Cut to Poland, 400 years ago, where no one was having a lot of fun. Nor were they enjoying a lot of bagels. The country was a sitting duck for the Russians and Swedes, who kept invading and then messing around with the elections of the Polish kings. The Polish were annoyed and took out their frustrations on the Cossacks1. The Cossacks, in turn, shared their concerns with the Jews2.

But the greatest deeds are done in the darkest times, and it was in Poland around this time that an unsung hero rolled malt, salt, yeast, flour, and water into a sort of proto-bagel, a distant, chewier ancestor of the multitudinous bagels we know of today.

Early in its history, this bagel became popular as a gift for women undergoing the pangs of childbirth. 'Bite the bagel' husbands would tell their wives. Back then, of course, every bagel was a hand-rolled bagel, and every hand-rolled bagel was a plain bagel not the torus-shaped springboard of infinite possibilities that we take for granted today. If you were to suggest to a Polish bagelsmith of the 1600s that he add poppy-seed or raisins to the dough of a bagel made by human hands, he would probably think you had flipped. The resulting dough would just be too hard to mix.

Even when the Industrial Revolution brought coal-fire hearths and mechanical mixers, the 'plain bagel barrier' was considered as difficult to shatter as the speed of sound. But in the early 1960s, with the advent of bigger, more cost-efficient ovens, it suddenly became feasible to add poppy seeds, onions, sesame, and garlic to the bagel. Somewhere in New York, a bagelmaker realised that this new technology could allow salt bagels to efficiently serve as the platform for any of these extras.

It took decades for bagelologists to realise the range of possibilities that had been sprung open by the ability to add things like poppy seed, although the full potential of the bagel would prove to be as dizzying as opium3, allowing for everything from jalapeno chiles to chocolate chips to find its way into the tasty torus. Empires have risen and fallen. The bagel has only become more varied in its many forms.

Purchasing Bagels

There are few places in the UK to obtain these savoury wonders. Usually they are purchased in pre-packed plastic bags from supermarkets. These are inevitably tough and highly dense.

If you are financially unchallenged then you can always make your way to the modern home of the bagel, New York.
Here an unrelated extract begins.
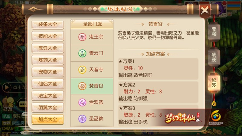 梦幻诛仙手游焚香谷作为法术单体输出的核心门派,在土豪玩家的PK玩法中需要极致强化爆发能力与生存策略。全灵性加点(10灵)是焚香土豪PK的核心选择,通过极限堆叠灵性属性,配合高阶装备的启灵、洗魂及法宝镶嵌弥补速度与防御短板,确保每回合双龙旋或烈焰无双击的爆发伤害足以压制对手。由于土豪玩家的资源投入足以支撑属性全面性,全灵加点能最大化焚香法系秒杀王的定位,尤其在集火点杀时无需休息回合的优势显著优于鬼王等物理输出门派。

The bagels there come in all possible varieties and are remarkably cheap. They even deliver!

Flavours and Fillings

Bagels can be flavoured with almost anything. They can be coated in many varieties of seed from poppy to sunflower seeds and can also be stuffed with a multifarious collection of dried fruit, nuts, herbs and other delicacies.

Bagels can be eaten as they come but are often turned into a sandwich-type meal with fillings of cheese and pickle, cream cheese, and tuna and mayonnaise.

1The Hell's Angels of the 17th century.2 'Shared their concerns' meaning 'went around slaughtering people and burning down their homes.'3That other poppy seed derivative.